— What is required —
The answer consists only of the lines from the beginning of the listing below to the line holding "a police officer.’", inclusive, with every picture removed.

— Data provided —
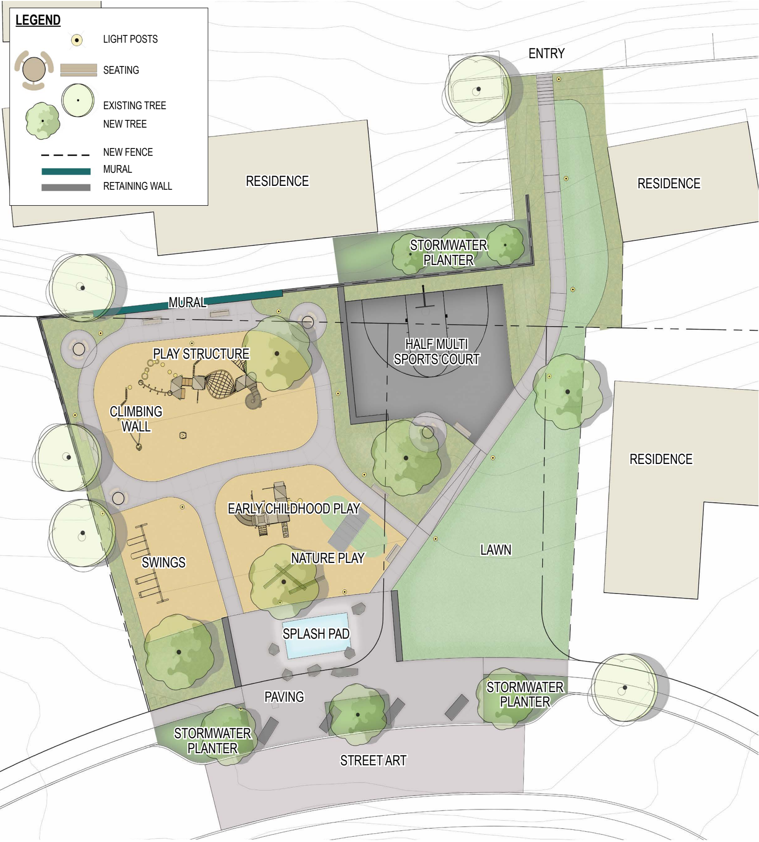
Preferred Design Option
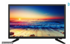
Kogan 24" LED TV & DVD Combo (Series 6 EH6100) for... Kogan
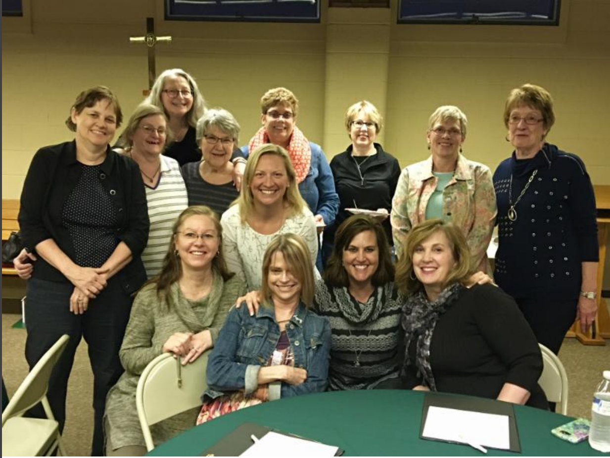
A great evening was had by this group at Monday Maven's Wine Tasting Event April 2017
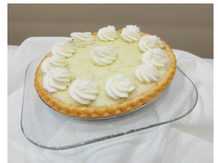
Students love the classic pies provided at the PIE Coffee Hour and Teaching Workshop Series!
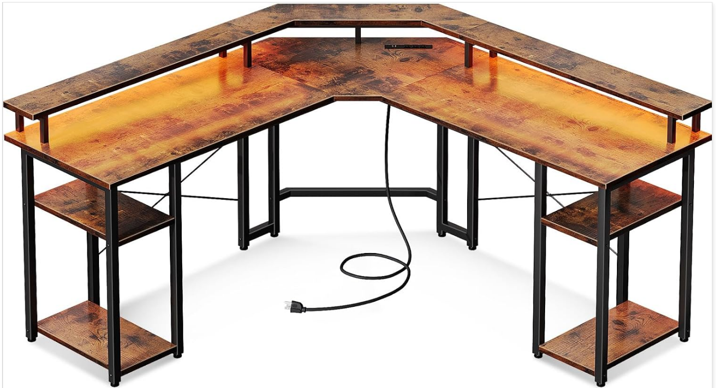
Image: The Coleshome L Shaped Gaming Desk, showcasing its overall structure and integrated power cord.

This manual provides comprehensive instructions for the assembly, operation, and maintenance of your Coleshome L Shaped Gaming Desk. Designed for both gaming and home office environments, this desk offers ample space, integrated power solutions, and customizable LED lighting to enhance your workspace.
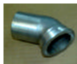
CTO3820 CTO5020 SWIVEL ELBOW
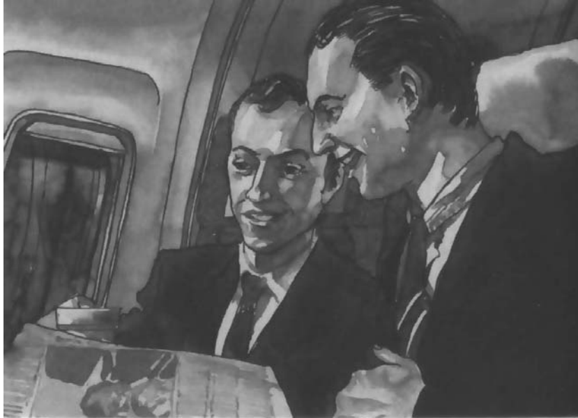
‘I’m just a police officer.’

Harald laughed. ‘You’re the famous man, sir, not me,’ he said. ‘I’m just a police officer. It’s my job to take care of you. That’s photo of you, not me.’
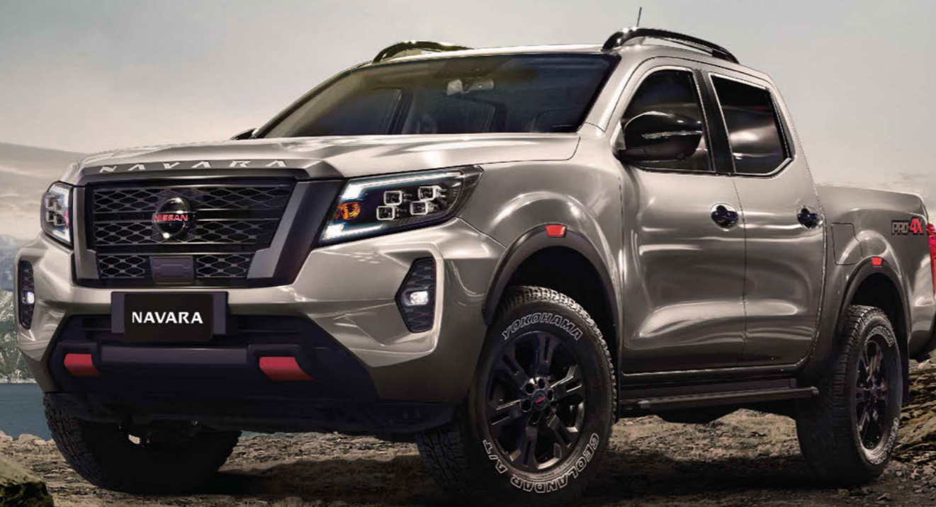
NAVARA 2.5L PRO-4X

It's all about confidence. The feeling that whatever you want to do, wherever you want to go, you can count on the Navara to take you there. So get ready to take it to the next level, and make every day an adventure, with capability that opens up a whole new world for you to explore. The Navara is loaded with the tech you need, so you're ready to shift into 4x4 and cruise rolling dunes or climb up a fire trail with unmatched capability. And do it all with big, bold style. The new Nissan Navara. Geared to excite. Pure, authentic, and ready for whatever comes next.
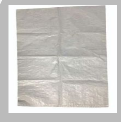
Polypropylene Plain Woven Sack Bag
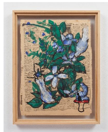
Paul Thek, Untitled (Birds and Mushroom) , c.1969, gouache and collage on newspaper, 23" x 17". Courtesy Alexander and Bonin, New York. Photo: Jorge Lohse © The Estate of George Paul Thek

Paul Thek (born 1933, Brooklyn, NY; died 1988, New York, NY) was a leading postwar artist whose paintings, sculptures and installations employ complex iconography, mythic allusions, recognizable imagery and biographical references. Thek studied at the Art Students League of New York and Pratt Institute, Brooklyn, NY, before attending The Cooper Union for the Advancement of Science and Art, New York. In 1977, Thek was the subject of the solo exhibition Processions at the Institute of Contemporary Art, Philadelphia, PA. His work has been exhibited widely, including posthumous solo exhibitions at the Hammer Museum, Los Angeles; Alexander and Bonin and Whitney Museum of American Art, both New York, NY; and Carnegie Museum of Art, Pittsburgh, PA; as well as Fundació Antoni Tàpies, Barcelona, Spain; Neue Nationalgalerie, Berlin, Germany; Pace Gallery, London, UK; Museo Nacional Centro de Arte Reina Sofia, Madrid; Musee d'Art
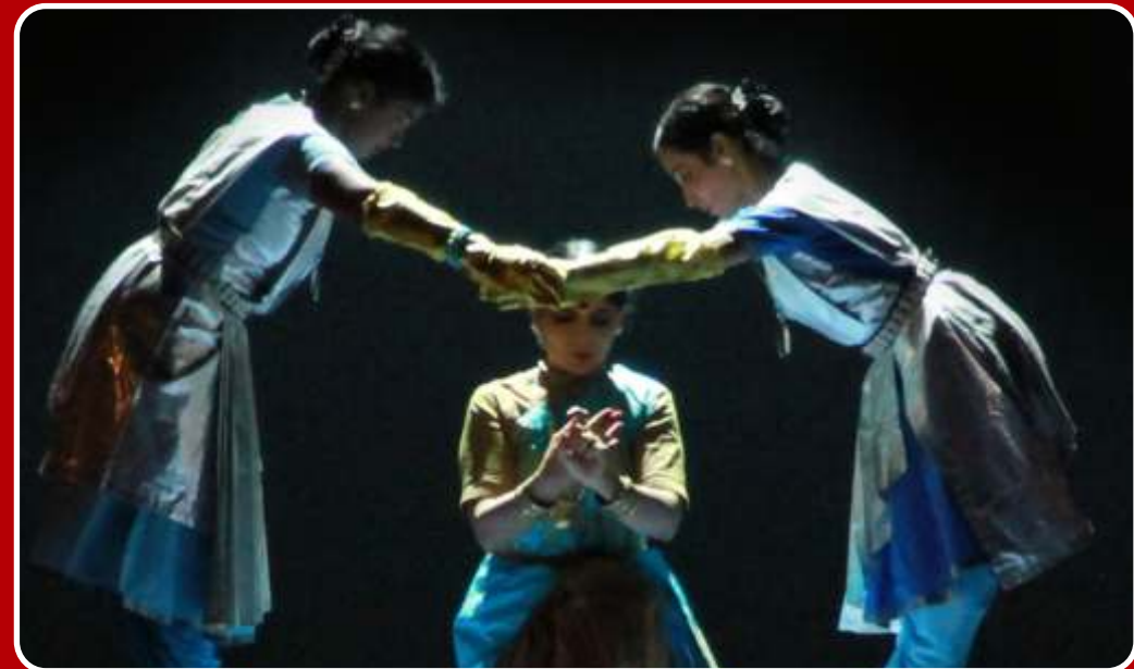
"Antariksha Sanchar" evolution of Flights and Aircraft, Bangaluru (Sep' 2016), Goa (Jan' 2015)

— Completed task —
Preferred Design Option
Kogan 24" LED TV & DVD Combo (Series 6 EH6100) for... Kogan
A great evening was had by this group at Monday Maven's Wine Tasting Event April 2017
Students love the classic pies provided at the PIE Coffee Hour and Teaching Workshop Series!
Image: The Coleshome L Shaped Gaming Desk, showcasing its overall structure and integrated power cord.

This manual provides comprehensive instructions for the assembly, operation, and maintenance of your Coleshome L Shaped Gaming Desk. Designed for both gaming and home office environments, this desk offers ample space, integrated power solutions, and customizable LED lighting to enhance your workspace.
CTO3820 CTO5020 SWIVEL ELBOW
‘I’m just a police officer.’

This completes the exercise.